And also, I'm not saying to get any particular set of pickups... What someone gets or wants to get for pickups will greatly vary from person to person and guitar to guitar... And of course, what works for one person may or may not work for someone else. 

As far as which pickups to get, it depends on the following variables:
-the guitar's construction (bolt-on, set neck or neck thru...)
-woods used for body, neck and fingerboard...
-bridge system the guitar has...
-what the individual is looking for from the guitar
-what styles/genres they play with/on it
-what they are looking for from a set of pickups

I'm not going to tell someone to get a Tone Zone for a basswood bodied guitar when it sounds better in mahogany... I'm also not going to tell someone to get and use something that won't even get them anything close to what they are not interested in or will get them the sound and tone they want.
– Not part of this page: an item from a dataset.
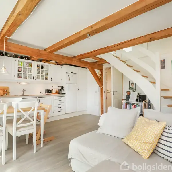 Pragtfuld lejlighed i to-plan med synlige bjælker i Slagelse centrum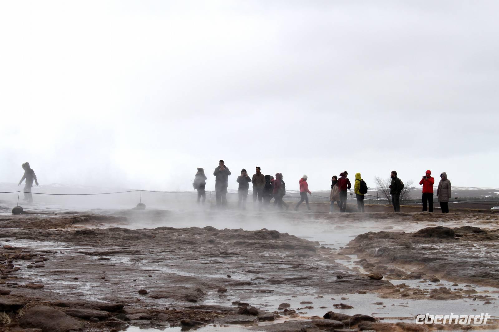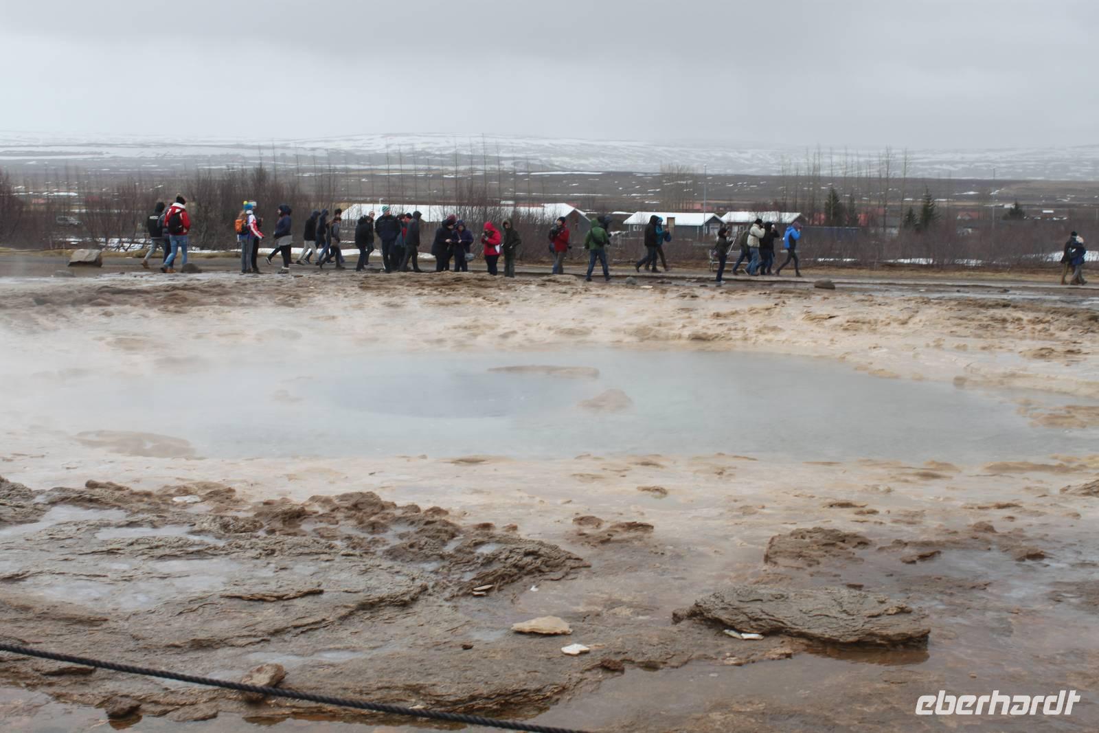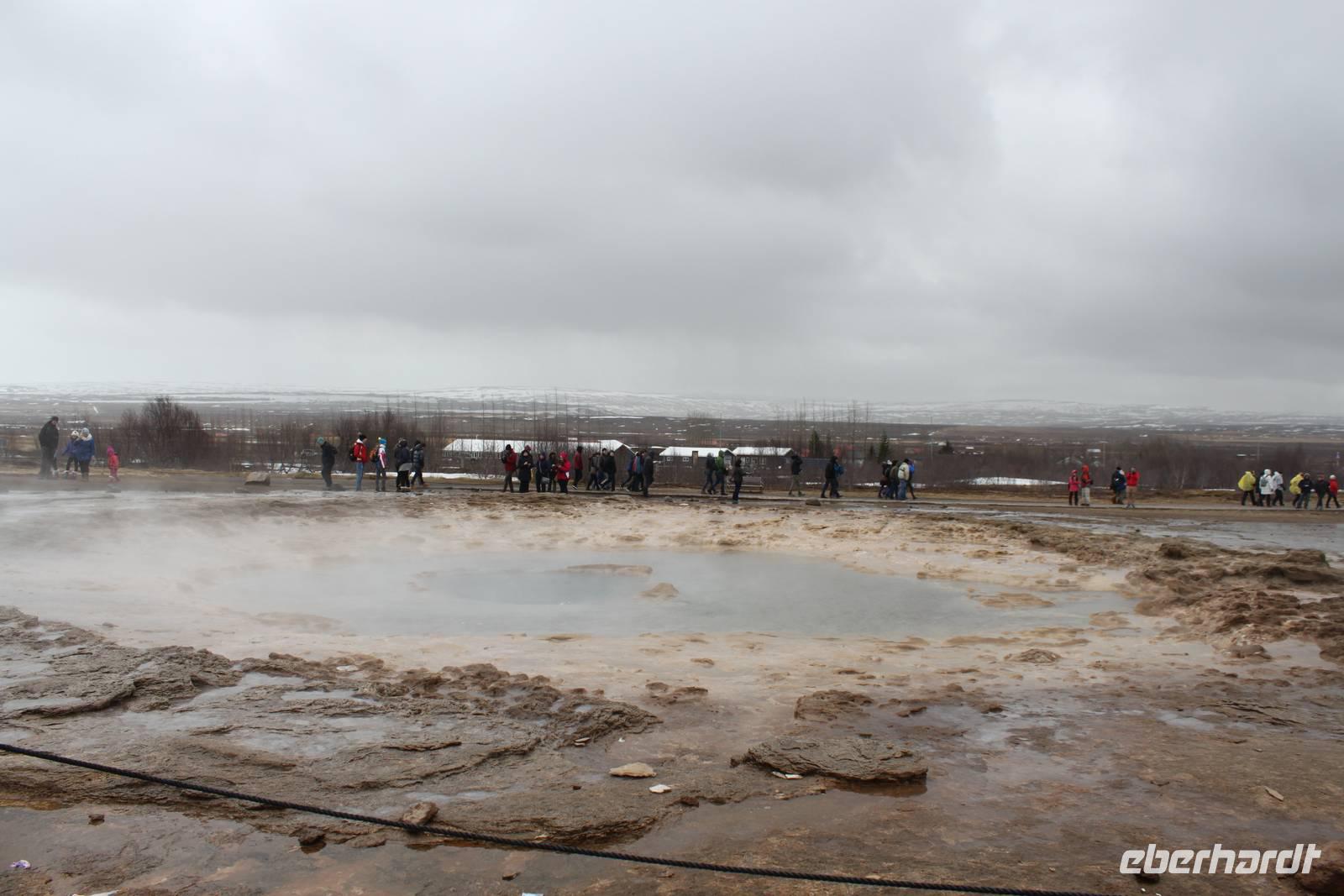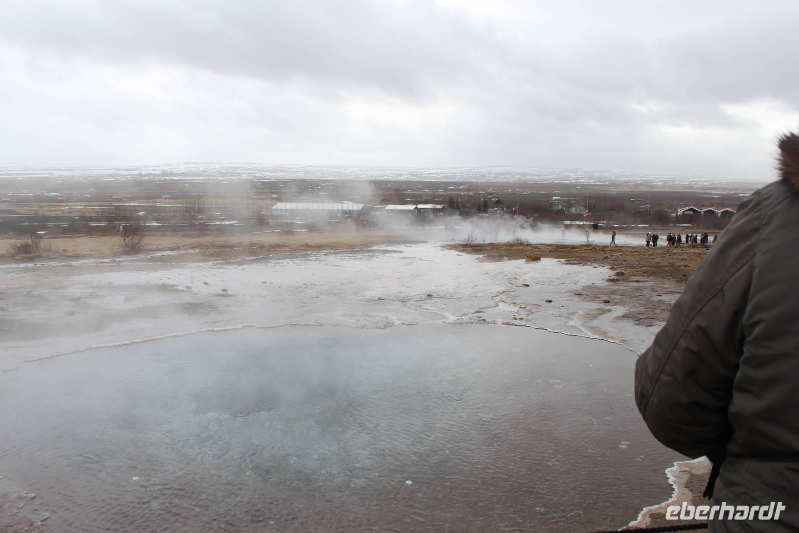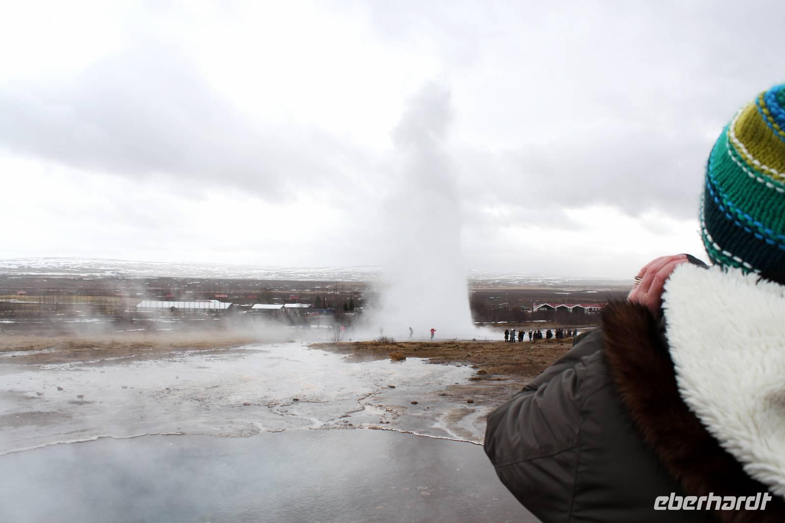 Danach bestaunten wir den Geysir, der allen Springquellen den Namen gegeben hat. Sein kleiner Bruder Strokkur ist aber sehr viel aktiver und zeigte uns ein paar mal seine Kraft.

I've played guitar long enough to know these things and how to determine what works and what don't. 

And that is also the beauty of places like this forum - for those who are not in the know, have questions or are curious can look around and find the info they need to make a better informed decision about what to get, use and play. But in the end, it's all up to the individual and what they decide to go with.


----------



## groverj3 (Jun 3, 2012)

I don't have experience with D-activators. I do like the Tone Zone, though. My setup isn't typical... but to me it sounds like a JB with a little more bass and less mids. I'm using it with no tone control, so my experience may not be typical.


----------



## The Only Factor (Jun 3, 2012)

^ I have always found the TZ to be far superior a pickup compared to the JB. To me, the JB was okay, but IMHO it was like playing thru a stock Ibanez or a Duncan Designed pickup - sound and output were okay, but not enough of either.


----------



## Jessy (Jun 3, 2012)

groverj3 said:


> I don't have experience with D-activators. I do like the Tone Zone, though.


Install D-Activator. Turn tone knob down to 25%. Instant Tone Zone!


----------



## The Only Factor (Jun 3, 2012)

Jessy said:


> Install D-Activator. Turn tone knob down to 25%. Instant Tone Zone!



FIXED: Install D-Activator. Turn tone knob down to 75% (about 7...). Instant Tone Zone! It may be possible, but I doubt it'll sound anywhere the same.

I wouldn't even go that far... There's differences in everything between both pickups which is why they are night and day tone wise. If the Op wants something hotter and more aggressive, then the DA would be the way to go. But if he wants something a little less powerful, yet still as versatile and dynamic then the TZ would be his ticket then he can just dial in the amp a little more to get the tone he's looking for.


----------



## Jessy (Jun 3, 2012)

The Only Factor said:


> I wouldn't even go that far... There's differences in everything between both pickups which is why they are night and day tone wise. If the Op wants something hotter and more aggressive, then the DA would be the way to go. But if he wants something a little less powerful, yet still as versatile and dynamic then the TZ would be his ticket then he can just dial in the amp a little more to get the tone he's looking for.


Pairing the tone of a pickup to its output is just buying into the hype that pickup manufacturers use to get you to buy way too many pickups. Been there, done that, when I was young and uninformed. Output will definitely make for tone differences, if the levels are high enough to go into clipping, but output should not factor in at all to your pickup choice. Use your own pre-amp volume control. Using more wire to get higher output is a completely antiquated, problematic approach.


----------